Work request:
Reproduce the lines below exactly. Skip images.

Collected data:
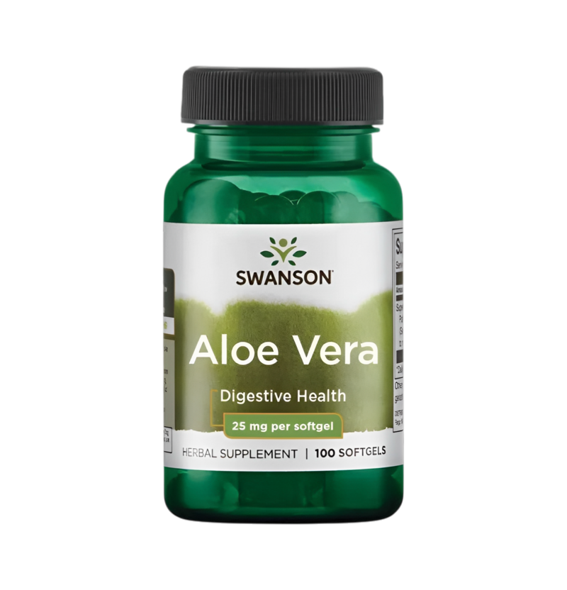 Swanson Aloe Vera 25 mg — mjuka kapslar för dagligt tillskott
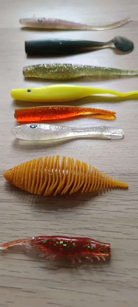 Detalles del productoConjunto variado de 8 señuelos de pesca de diferentes colores y formas.
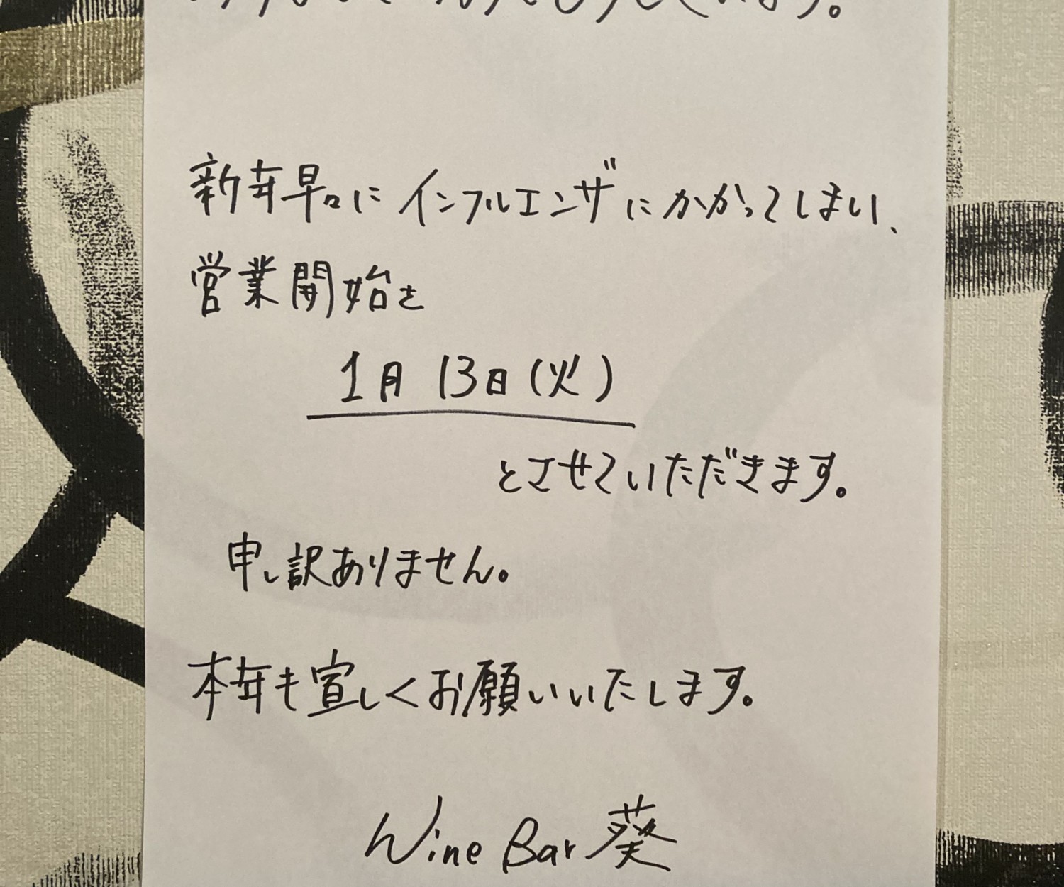 お知らせ あけましておめでとうございます。 明日7日からの営業予定でしたが、申し訳ありません、来週からになります。 よろしくお願いします。 06 1月 2026 営業13日からに変更のお知らせ あけましておめでとうございます。 明日7日からの営業予定でしたが、申し訳ありません、来週からになります。 よろしくお願いします。 winebaraoi
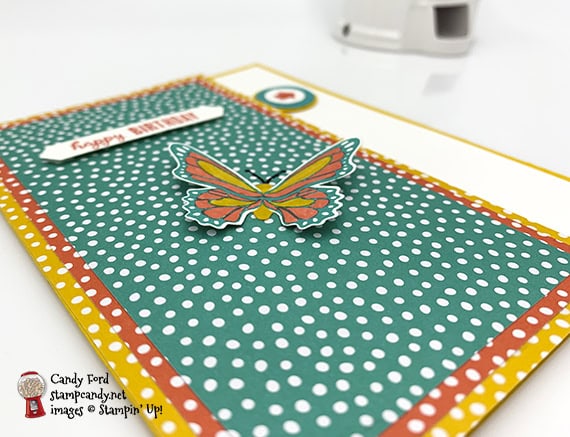 Welcome to the 04-2019 Spring Fling edition of the OSAT Blog Hop! For my projects, I used a color combination I remember being very popular in a previous Spring catalog: Bermuda Bay, Calypso Coral, and Crushed Curry. I used the Tabs for Everything stamp set for the sentiment and the Butterfly Gala stamp set for, you guessed it, the butterflies.

The answer:
 Swanson Aloe Vera 25 mg — mjuka kapslar för dagligt tillskott
 Detalles del productoConjunto variado de 8 señuelos de pesca de diferentes colores y formas.
 お知らせ あけましておめでとうございます。 明日7日からの営業予定でしたが、申し訳ありません、来週からになります。 よろしくお願いします。 06 1月 2026 営業13日からに変更のお知らせ あけましておめでとうございます。 明日7日からの営業予定でしたが、申し訳ありません、来週からになります。 よろしくお願いします。 winebaraoi
 Welcome to the 04-2019 Spring Fling edition of the OSAT Blog Hop! For my projects, I used a color combination I remember being very popular in a previous Spring catalog: Bermuda Bay, Calypso Coral, and Crushed Curry. I used the Tabs for Everything stamp set for the sentiment and the Butterfly Gala stamp set for, you guessed it, the butterflies.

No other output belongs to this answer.